Genetic Subtyping and Phenotypic Characterization of the Immune Microenvironment and MYC/BCL2 Double Expression Reveal Heterogeneity in Diffuse Large B-cell Lymphoma

Authors

Zijun Y Xu-Monette
Li Wei
Xiaosheng Fang
Qingyan Au
Harry Nunns
Máté Nagy
Alexandar Tzankov
Feng Zhu
Carlo Visco
Govind Bhagat
Karen Dybkaer
April Chiu
Wayne Tam
Youli Zu
Eric D Hsi
Fredrick B Hagemeister
Xiaoping Sun
Xin Han
Heounjeong Go
Maurilio Ponzoni
Andrés J M Ferreri
Michael B Møller
Benjamin M Parsons
J Han van Krieken
Miguel A Piris
Jane N Winter
Yong Li
Bing Xu
Maher Albitar
Hua You
Ken H Young

Publication Date

3-1-2022

Journal

Clinical Cancer Research

DOI

10.1158/1078-0432.CCR-21-2949

PMID

34980601

PMCID

PMC9137388

PubMedCentral® Posted Date

9-1-2022

PubMedCentral® Full Text Version

Author MSS

Published Open-Access

yes

Keywords

Antineoplastic Combined Chemotherapy Protocols, Humans, Interleukin-1 Receptor-Like 1 Protein, Lymphoma, Large B-Cell, Diffuse, Prognosis, Proteomics, Proto-Oncogene Proteins c-bcl-2, Proto-Oncogene Proteins c-myc, Tumor Microenvironment, DLBCL, MYC, BCL2, double expressor, double hit, genetic subtype, tumor immune microenvironment, FN1, KMT2D, mIHC, GEP, gene signature, MCD, EZB

Abstract

PURPOSE: Diffuse large B-cell lymphoma (DLBCL) is molecularly and clinically heterogeneous, and can be subtyped according to genetic alterations, cell-of-origin, or microenvironmental signatures using high-throughput genomic data at the DNA or RNA level. Although high-throughput proteomic profiling has not been available for DLBCL subtyping, MYC/BCL2 protein double expression (DE) is an established prognostic biomarker in DLBCL. The purpose of this study is to reveal the relative prognostic roles of DLBCL genetic, phenotypic, and microenvironmental biomarkers.

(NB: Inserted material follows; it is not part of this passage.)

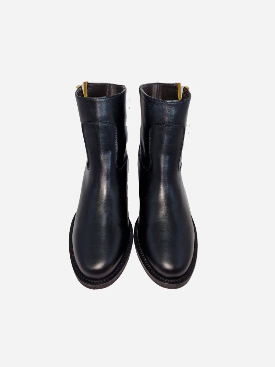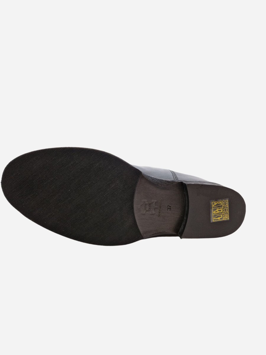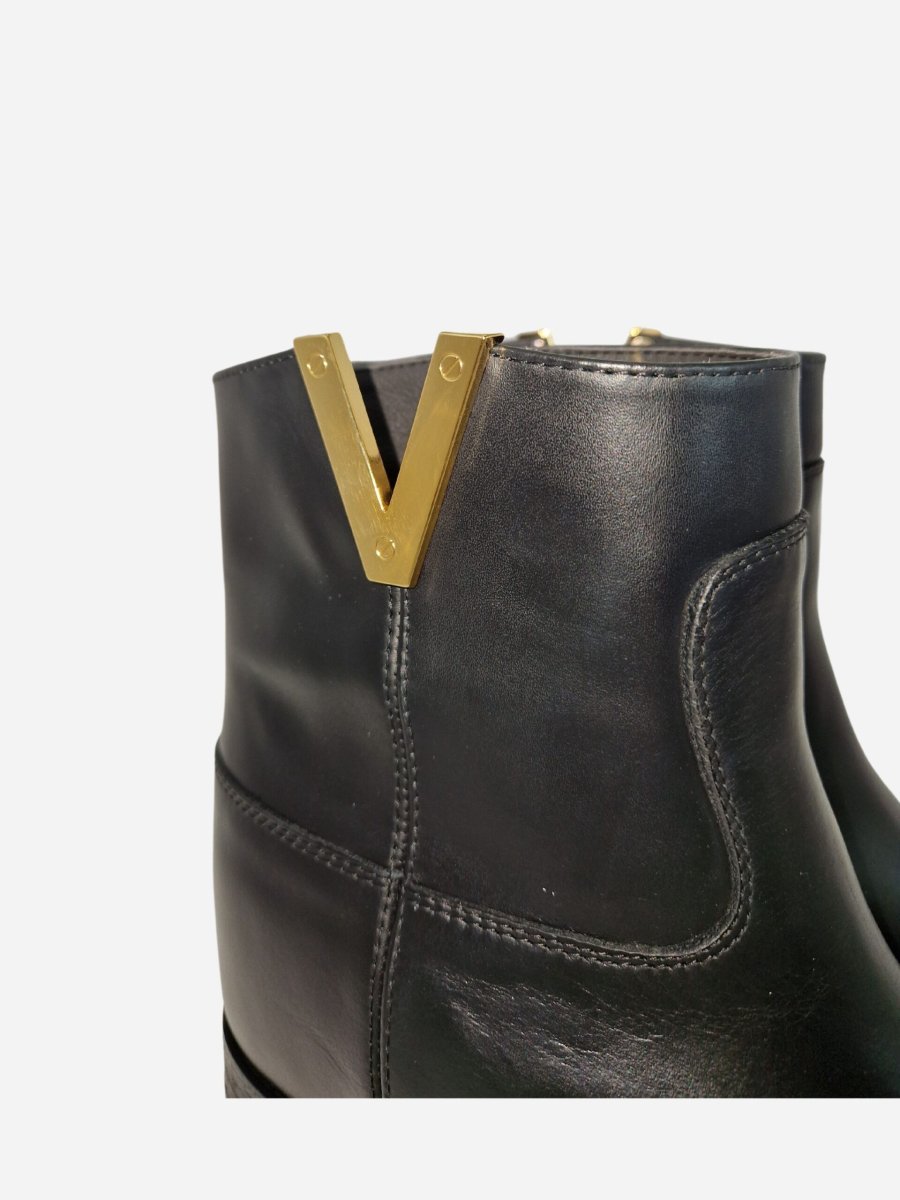Tronchetto by Via Roma 15 nella variante nera. Stivali realizzati in vera pelle con zeppa interna di 5 cm. Dettaglio V dorata liscia nella parte superiore. Nella confezione รจ presente la dustbag. Made in Italy

EXPERIMENTAL DESIGN: We performed targeted next-generation sequencing; IHC for MYC, BCL2, and FN1; and fluorescent multiplex IHC for microenvironmental markers in a large cohort of DLBCL. We performed correlative and prognostic analyses within and across DLBCL genetic subtypes and MYC/BCL2 double expressors.

RESULTS: We found that MYC/BCL2 double-high-expression (DhE) had significant adverse prognostic impact within the EZB genetic subtype and LymphGen-unclassified DLBCL cases but not within MCD and ST2 genetic subtypes. Conversely, KMT2D mutations significantly stratified DhE but not non-DhE DLBCL. T-cell infiltration showed favorable prognostic effects within BN2, MCD, and DhE but unfavorable effects within ST2 and LymphGen-unclassified cases. FN1 and PD-1-high expression had significant adverse prognostic effects within multiple DLBCL genetic/phenotypic subgroups. The prognostic effects of DhE and immune biomarkers within DLBCL genetic subtypes were independent although DhE and high Ki-67 were significantly associated with lower T-cell infiltration in LymphGen-unclassified cases.

CONCLUSIONS: Together, these results demonstrated independent and additive prognostic effects of phenotypic MYC/BCL2 and microenvironment biomarkers and genetic subtyping in DLBCL prognostication, important for improving DLBCL classification and identifying prognostic determinants and therapeutic targets.